(Collection entries)

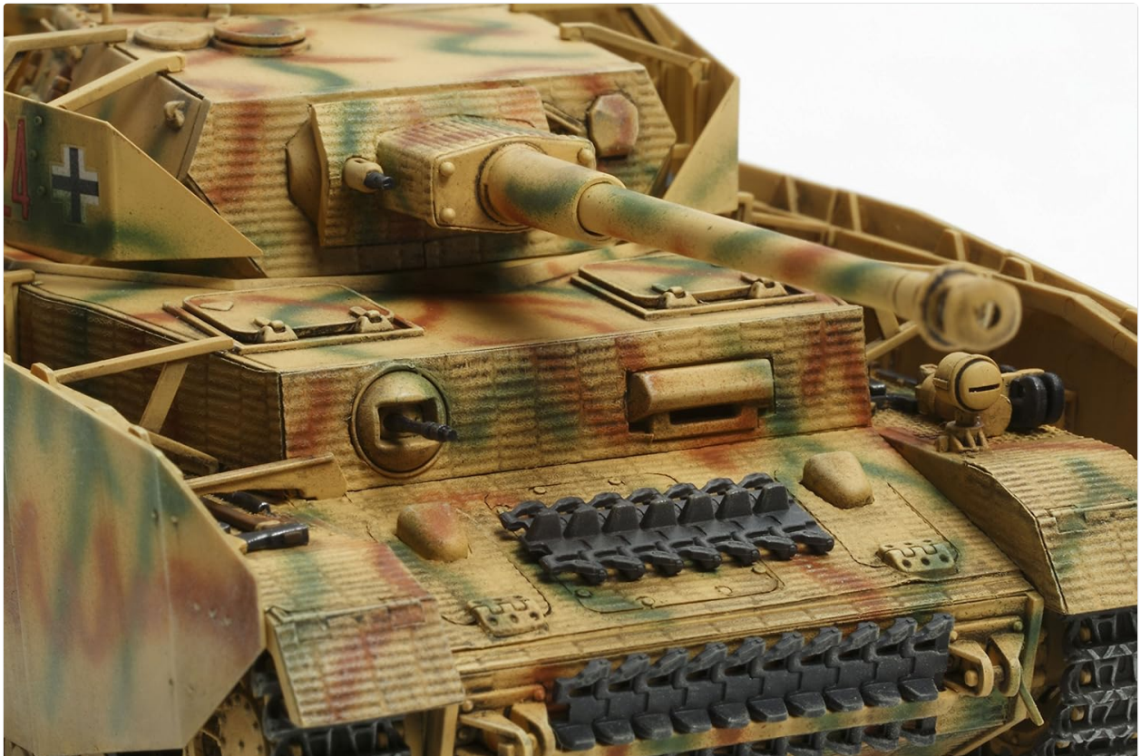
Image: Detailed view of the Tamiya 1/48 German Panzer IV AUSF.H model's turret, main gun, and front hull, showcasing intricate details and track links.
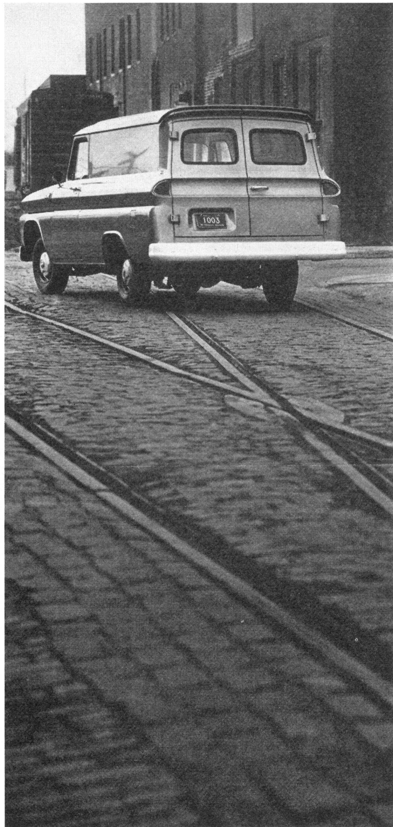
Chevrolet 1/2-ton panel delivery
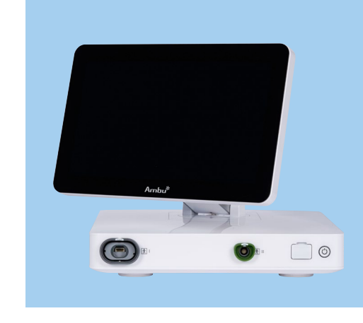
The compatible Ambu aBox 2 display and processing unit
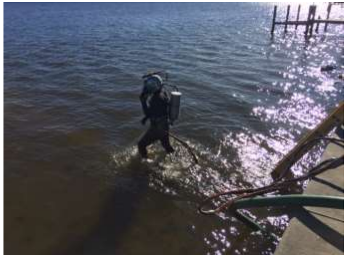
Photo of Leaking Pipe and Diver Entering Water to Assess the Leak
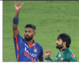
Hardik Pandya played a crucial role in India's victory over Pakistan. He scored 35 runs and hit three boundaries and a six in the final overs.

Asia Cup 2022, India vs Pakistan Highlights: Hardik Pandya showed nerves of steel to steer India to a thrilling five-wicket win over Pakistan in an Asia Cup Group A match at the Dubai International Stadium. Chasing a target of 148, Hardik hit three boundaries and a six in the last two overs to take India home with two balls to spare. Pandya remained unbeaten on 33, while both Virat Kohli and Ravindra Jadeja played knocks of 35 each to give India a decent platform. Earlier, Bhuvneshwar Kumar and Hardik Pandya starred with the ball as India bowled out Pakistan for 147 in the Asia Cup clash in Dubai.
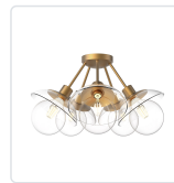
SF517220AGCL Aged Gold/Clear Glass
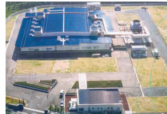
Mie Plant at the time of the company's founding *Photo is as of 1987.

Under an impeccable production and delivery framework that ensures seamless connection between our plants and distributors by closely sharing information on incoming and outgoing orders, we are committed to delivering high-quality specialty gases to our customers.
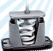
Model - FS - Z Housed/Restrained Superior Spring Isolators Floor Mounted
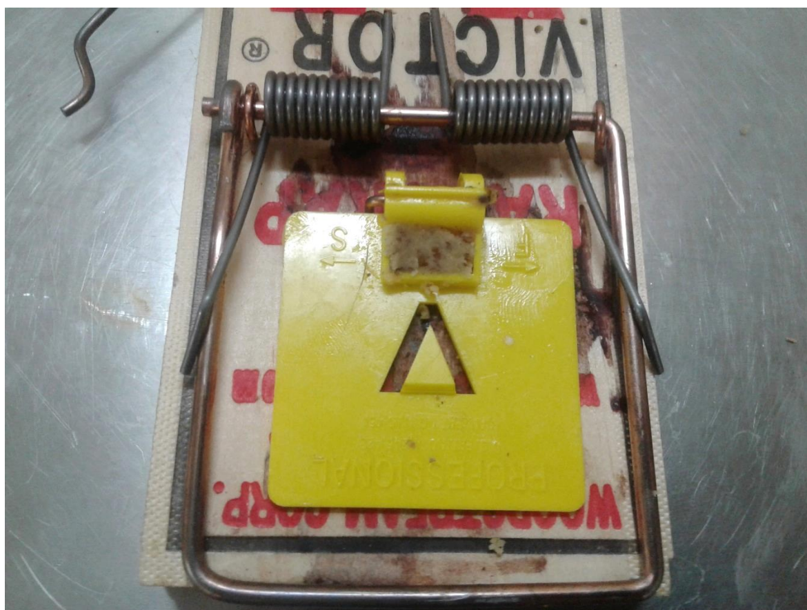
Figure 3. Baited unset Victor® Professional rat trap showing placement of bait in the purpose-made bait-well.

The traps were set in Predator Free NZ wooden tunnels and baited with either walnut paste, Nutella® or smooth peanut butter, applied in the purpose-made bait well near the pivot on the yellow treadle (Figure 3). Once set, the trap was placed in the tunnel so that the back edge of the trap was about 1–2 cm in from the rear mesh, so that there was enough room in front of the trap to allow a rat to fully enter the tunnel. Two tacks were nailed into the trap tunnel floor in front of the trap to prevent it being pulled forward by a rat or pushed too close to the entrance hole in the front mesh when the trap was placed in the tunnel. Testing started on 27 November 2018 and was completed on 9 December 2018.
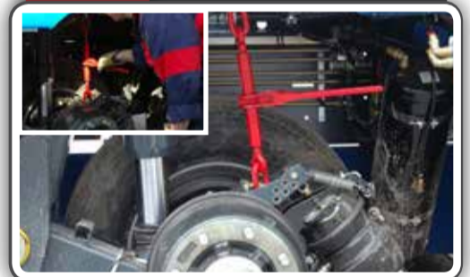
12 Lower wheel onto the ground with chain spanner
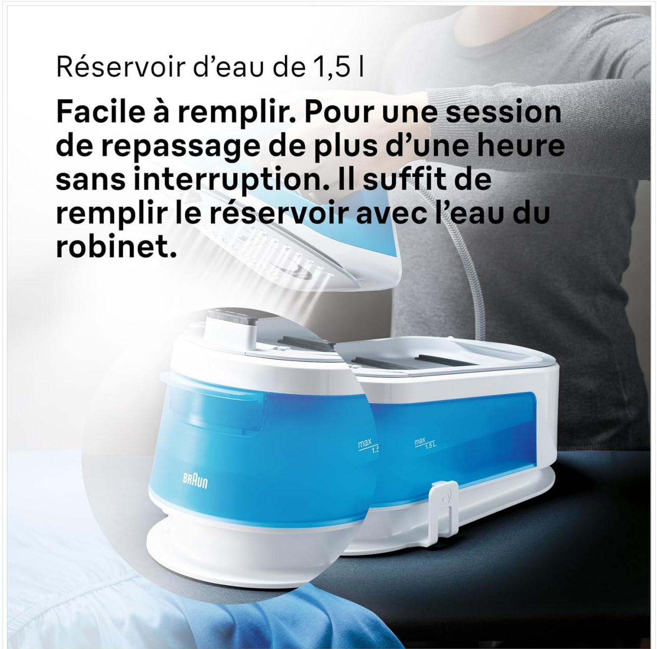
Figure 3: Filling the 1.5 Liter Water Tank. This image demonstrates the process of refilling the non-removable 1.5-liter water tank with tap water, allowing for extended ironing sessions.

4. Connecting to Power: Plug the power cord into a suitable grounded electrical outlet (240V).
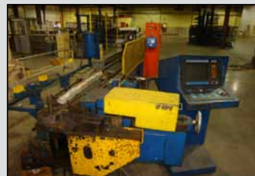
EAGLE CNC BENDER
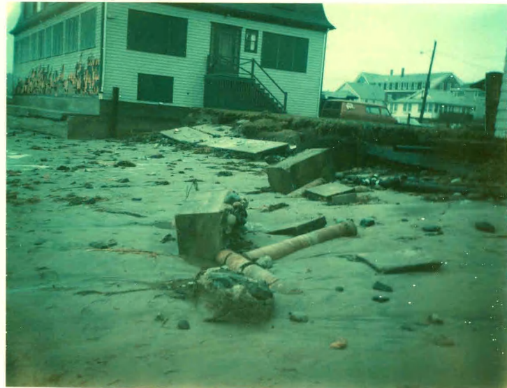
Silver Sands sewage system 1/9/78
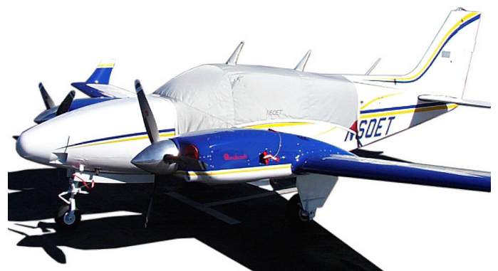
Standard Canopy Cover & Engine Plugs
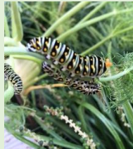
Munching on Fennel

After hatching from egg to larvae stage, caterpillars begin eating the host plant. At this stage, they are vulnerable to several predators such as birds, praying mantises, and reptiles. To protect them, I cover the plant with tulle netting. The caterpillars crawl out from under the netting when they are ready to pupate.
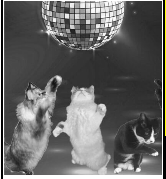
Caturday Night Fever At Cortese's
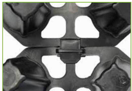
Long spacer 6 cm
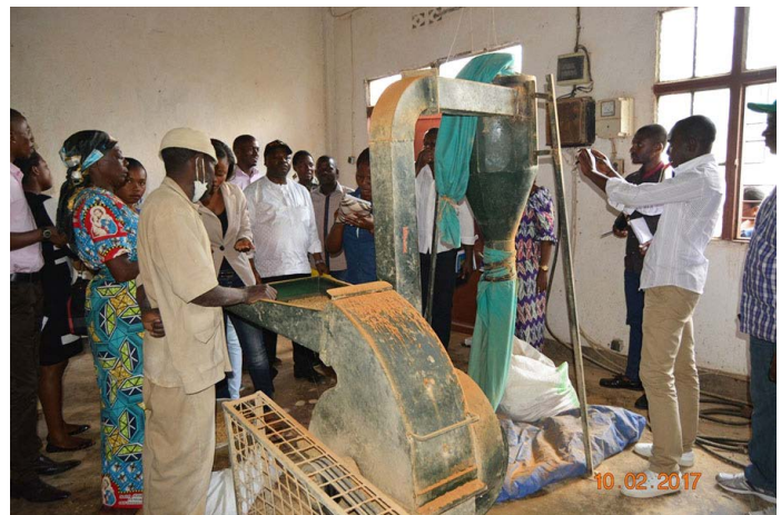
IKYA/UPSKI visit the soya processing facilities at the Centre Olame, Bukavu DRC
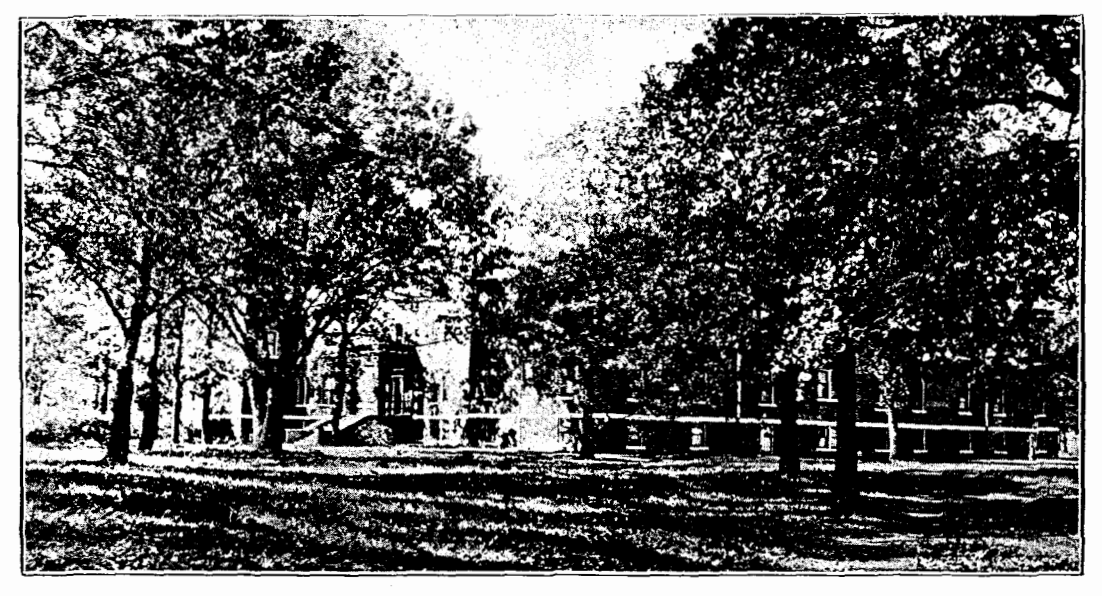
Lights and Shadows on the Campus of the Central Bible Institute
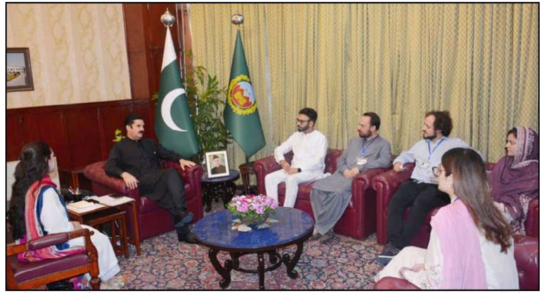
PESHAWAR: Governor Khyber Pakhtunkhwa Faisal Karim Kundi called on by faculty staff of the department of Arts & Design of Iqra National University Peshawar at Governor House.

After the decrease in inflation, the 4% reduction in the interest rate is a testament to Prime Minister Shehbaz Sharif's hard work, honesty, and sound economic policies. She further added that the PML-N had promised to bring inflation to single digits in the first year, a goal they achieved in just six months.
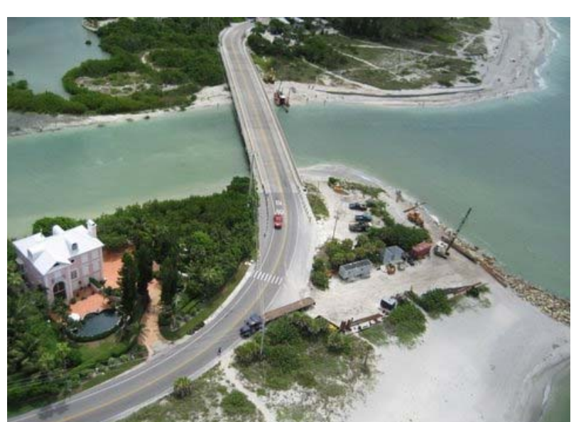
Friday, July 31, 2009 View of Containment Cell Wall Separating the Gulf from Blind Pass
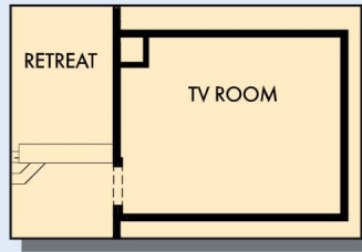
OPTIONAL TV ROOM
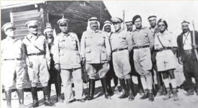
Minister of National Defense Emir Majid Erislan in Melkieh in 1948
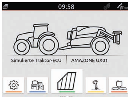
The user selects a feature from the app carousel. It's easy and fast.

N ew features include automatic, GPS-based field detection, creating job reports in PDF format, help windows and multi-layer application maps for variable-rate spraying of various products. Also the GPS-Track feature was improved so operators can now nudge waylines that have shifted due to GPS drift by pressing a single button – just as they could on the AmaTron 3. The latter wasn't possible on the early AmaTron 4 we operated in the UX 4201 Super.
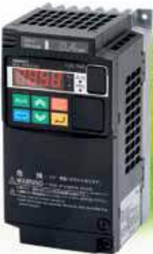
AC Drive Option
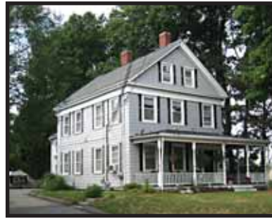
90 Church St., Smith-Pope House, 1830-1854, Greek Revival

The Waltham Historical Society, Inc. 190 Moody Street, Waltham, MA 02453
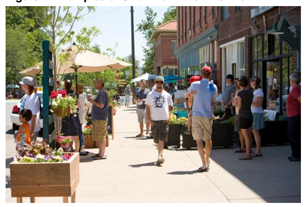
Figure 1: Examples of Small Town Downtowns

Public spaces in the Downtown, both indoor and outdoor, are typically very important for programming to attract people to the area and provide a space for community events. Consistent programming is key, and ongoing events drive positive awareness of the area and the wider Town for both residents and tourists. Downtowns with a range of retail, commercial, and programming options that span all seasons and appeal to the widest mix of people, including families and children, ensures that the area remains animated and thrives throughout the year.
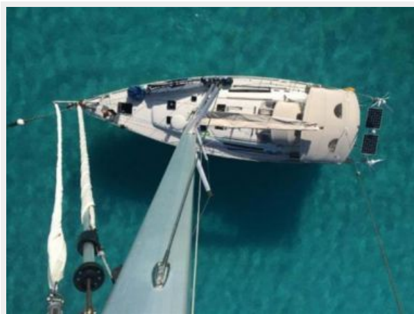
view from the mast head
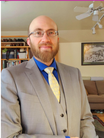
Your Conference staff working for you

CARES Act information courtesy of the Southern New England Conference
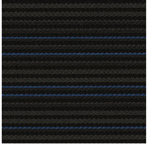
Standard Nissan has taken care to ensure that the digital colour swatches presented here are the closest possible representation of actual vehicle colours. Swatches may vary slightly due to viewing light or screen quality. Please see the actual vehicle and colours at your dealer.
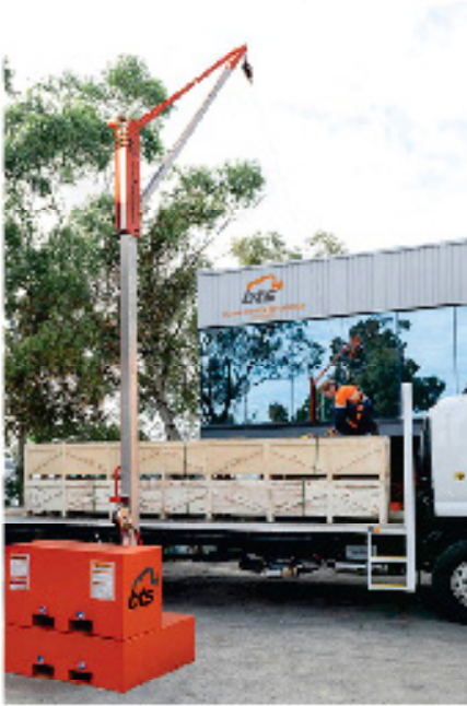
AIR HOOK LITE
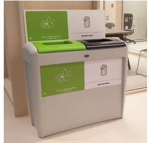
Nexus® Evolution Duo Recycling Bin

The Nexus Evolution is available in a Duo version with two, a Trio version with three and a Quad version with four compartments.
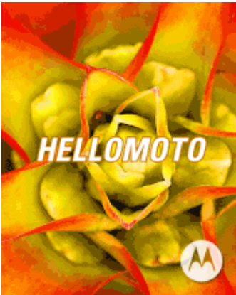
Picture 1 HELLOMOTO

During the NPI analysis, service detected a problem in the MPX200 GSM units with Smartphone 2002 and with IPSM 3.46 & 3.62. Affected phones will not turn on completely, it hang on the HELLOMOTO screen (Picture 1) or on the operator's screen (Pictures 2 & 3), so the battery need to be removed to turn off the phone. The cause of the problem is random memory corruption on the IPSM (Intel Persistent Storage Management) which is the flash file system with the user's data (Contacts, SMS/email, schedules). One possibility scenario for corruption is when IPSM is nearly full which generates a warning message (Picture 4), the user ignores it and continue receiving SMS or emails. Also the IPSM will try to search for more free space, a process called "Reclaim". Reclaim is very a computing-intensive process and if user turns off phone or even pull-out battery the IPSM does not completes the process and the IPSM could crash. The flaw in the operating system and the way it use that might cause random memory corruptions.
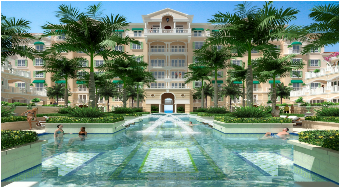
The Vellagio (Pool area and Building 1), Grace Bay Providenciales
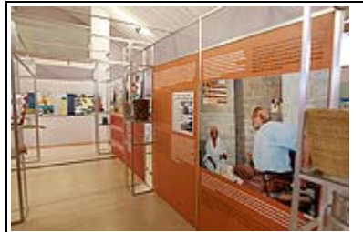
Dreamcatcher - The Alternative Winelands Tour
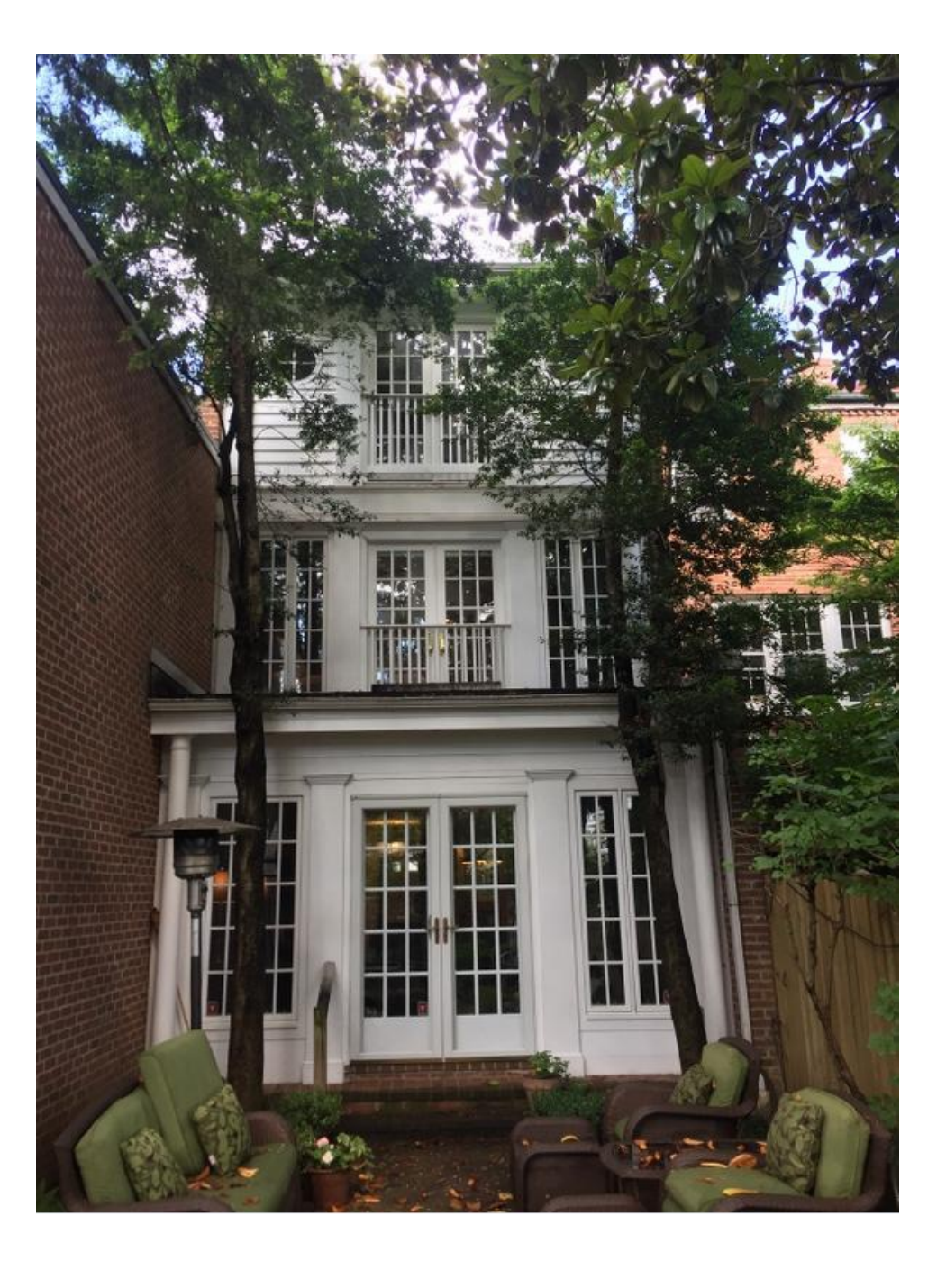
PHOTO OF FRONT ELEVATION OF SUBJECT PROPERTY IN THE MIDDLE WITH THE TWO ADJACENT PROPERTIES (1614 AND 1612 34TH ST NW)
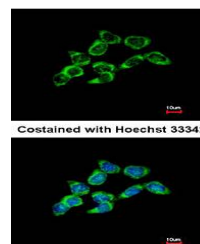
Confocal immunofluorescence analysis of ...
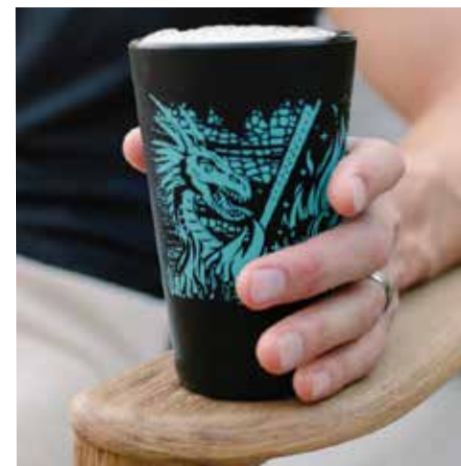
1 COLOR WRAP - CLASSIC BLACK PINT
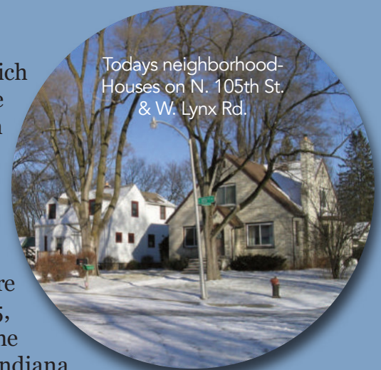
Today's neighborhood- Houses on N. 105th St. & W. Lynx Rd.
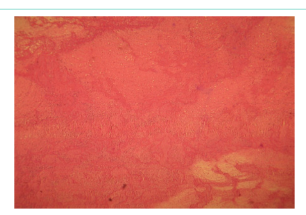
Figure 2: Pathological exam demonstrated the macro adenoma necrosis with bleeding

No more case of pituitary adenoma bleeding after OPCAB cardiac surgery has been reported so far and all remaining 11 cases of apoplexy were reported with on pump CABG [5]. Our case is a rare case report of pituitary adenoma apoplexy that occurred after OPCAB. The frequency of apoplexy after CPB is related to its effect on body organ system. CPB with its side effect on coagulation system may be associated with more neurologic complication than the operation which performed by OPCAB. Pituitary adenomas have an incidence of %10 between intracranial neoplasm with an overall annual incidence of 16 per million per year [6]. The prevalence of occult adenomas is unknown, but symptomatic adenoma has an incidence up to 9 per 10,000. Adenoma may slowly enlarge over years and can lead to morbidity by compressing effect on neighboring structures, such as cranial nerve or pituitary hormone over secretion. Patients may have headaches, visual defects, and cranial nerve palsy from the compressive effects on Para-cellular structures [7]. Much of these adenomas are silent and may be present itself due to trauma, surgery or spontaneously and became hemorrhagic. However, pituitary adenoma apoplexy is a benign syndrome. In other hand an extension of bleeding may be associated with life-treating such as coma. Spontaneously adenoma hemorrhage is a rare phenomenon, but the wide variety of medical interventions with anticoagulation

- _BRIEF_
Your response should contain each line of the entries above that holds the string "Evolution".

- _WRITTEN SOLUTION_
Nexus® Evolution Duo Recycling Bin
The Nexus Evolution is available in a Duo version with two, a Trio version with three and a Quad version with four compartments.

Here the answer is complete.